The internet is no doubt connecting people, yet we still feel lonely. We have thousands of followers, but we want more, much more. It's never enough. 

The internet is making it easy for people to buy, exchange and sell, yet we are still insatiable, and most times, empty because we are hoarding mindlessly without knowing what to do with our purchases.

And the internet is facilitating more interaction, increasing opportunity to make friends and setting up dates to spark that romantic get together, yet we are still fantasizing, looking for that perfect partner even when we are already married, and scouring the globe from the comfort of our private bedroom finding ways and means to be happy.

Alas, most of the time, we are more depressed than ever. But our solution is to click for quick fixes to medicate that mood, listen to some feel-good sermonette online or just chat with strangers half the globe away. 

That chat disguises our true self so that we may play different roles to different strangers we meet in virtual reality in the hope that the distraction can make us forget about addressing what is eating us at the core. 

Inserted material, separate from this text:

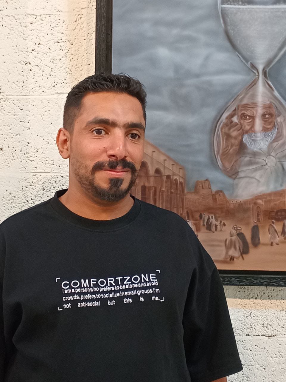 بالبداية كان الشغف منذ الصغر بالمدرسة الابتدائية والمتوسطة، وكنت مهوسًا برسم الطبيعة والمباني القديمة والتشكيل بالصلصال. وقطعت فترة طويلة إلى عام ٢٠٢١م، وكان المحفز الأول لي الفنان المصري كريم عادل شجعني وأعطاني الدافع لتعلم مبادى فن البورتريه بقلم الرصاص والفحم، وصقلت الموهبة بتعلم تقنيات الألوان الزيتية، وفن الآيربرش عام ٢٠٢٢م على يد الفنان حافظ الرضي، وطورت هذه التقنية من خلال التغذية البصرية بالسوشل ميديا، وطورت في فن الآيربرش بتعدد الخامات انطلاقًا من ألوان الأكليريك إلى الألوان النارية وألوان حبر بالآيربرش.
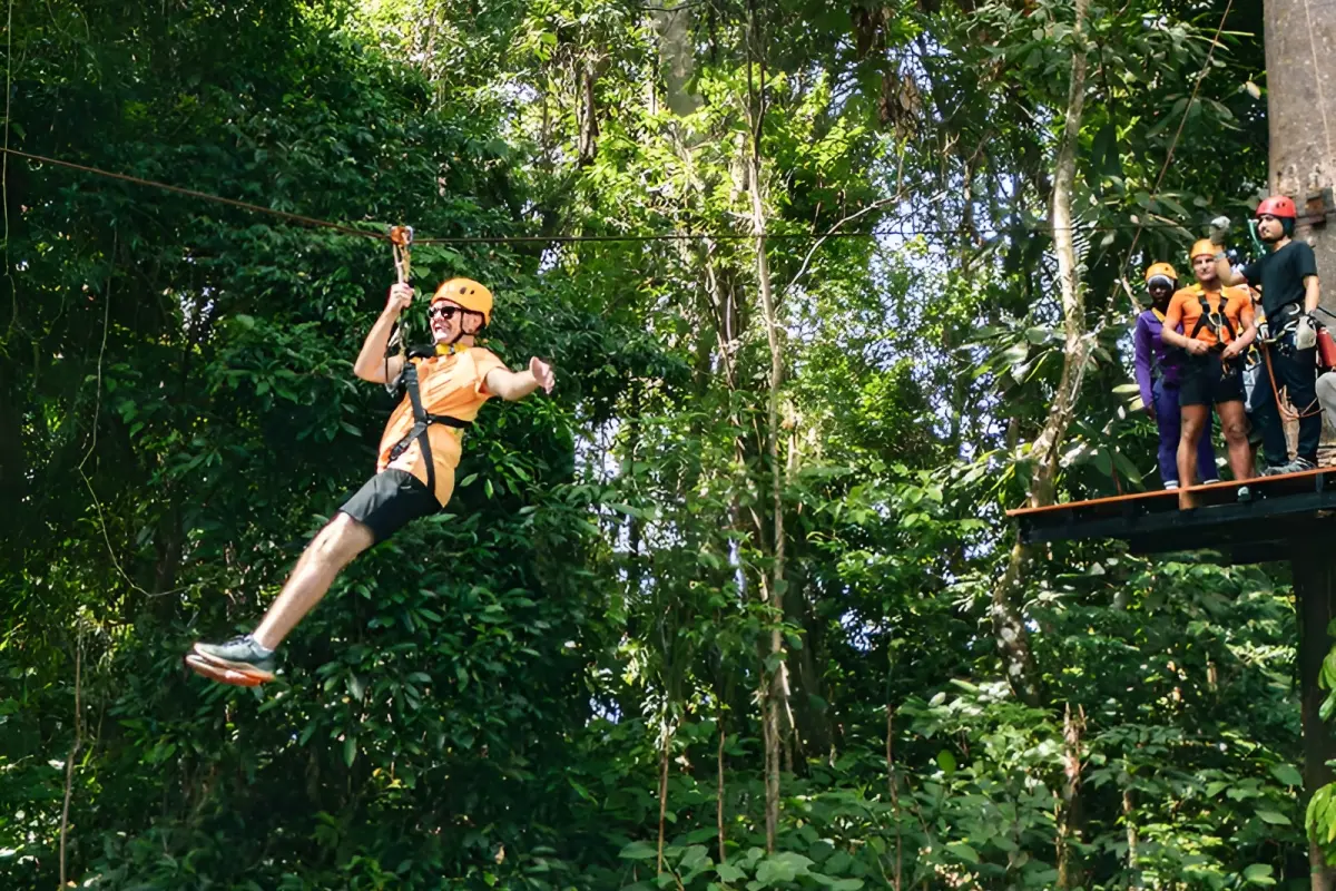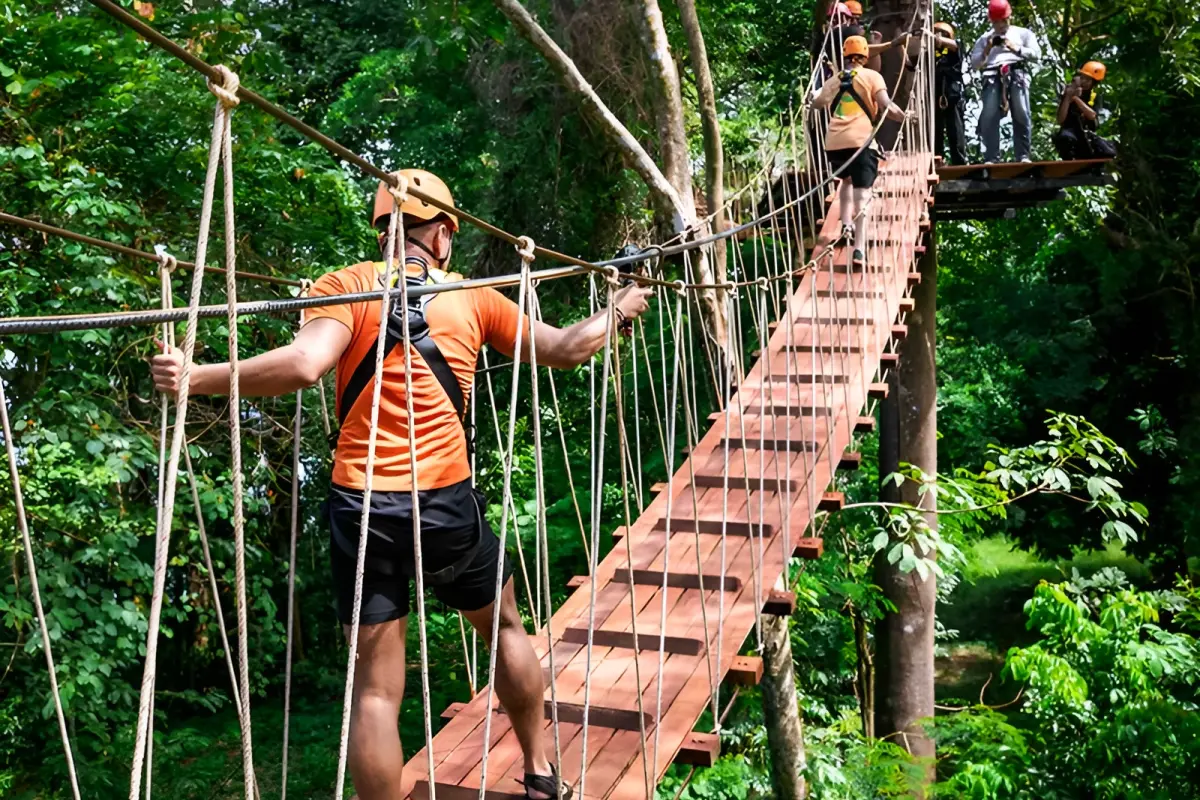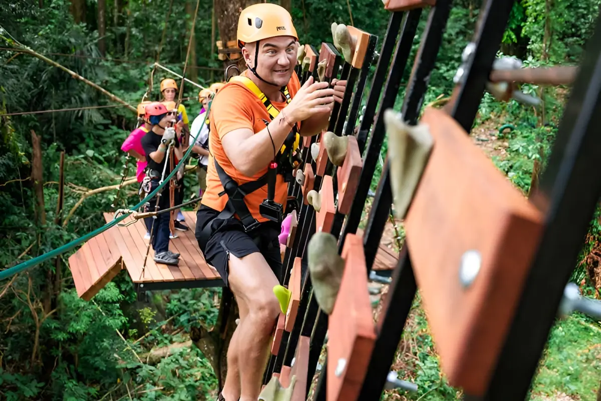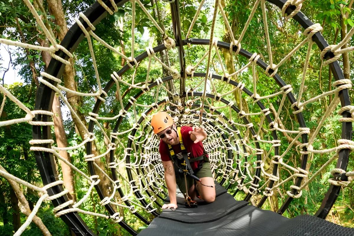 Sky Rock - это зиплайны, подвесные мосты, скалодромы и 30-метровые спуски среди тропической зелени.

The real world with real people is the last place we go to to find peace, fulfilment and hope. 

We have thus lost our identity to the internet because we live our lives for attention, and at the same time, giving attention to live vicariously through our online heroes. 

We want to be who we are not, because we do not believe that ourselves are good enough on social media since everyone has such a good (embellished) digital narrative online. 

And everyone who is famous online with million of followers and "Likes" are the benchmark for us to buy, click and consume anything and everything that they have to sell, be it tickets, books, sermons, or personal values. 

Here, I am reminded that Facebook has a corporate philosophy, and it is "to move fast and break things." 

Yet, the mind-bending speed has left many things and lives broken as a result. A trail of empty lives crying to be filled. 

Let me end by saying that, I always believe that had Jesus been alive today, he would still touch lives one soul at a time, for example, with the woman at the well, the man at Bethesda pool, and the woman with the alasbater box. 

It doesn't matter that he is not reaching out to enough people, or getting enough "Likes" or followers. Jesus will still stick to his 12 disciples, by eating and sleeping with them, and teaching them face to face. 

Because I believe enduring transformation comes from such lifetime investment in a life just like marriage, loving your children and nurturing close friendships. It's always one life at a time, and not millions at a sweep. 

That is the only way we can be ourselves, authentic and true. And Jesus brings out the best in us when we are ourselves, and not somebody else. Cheerz.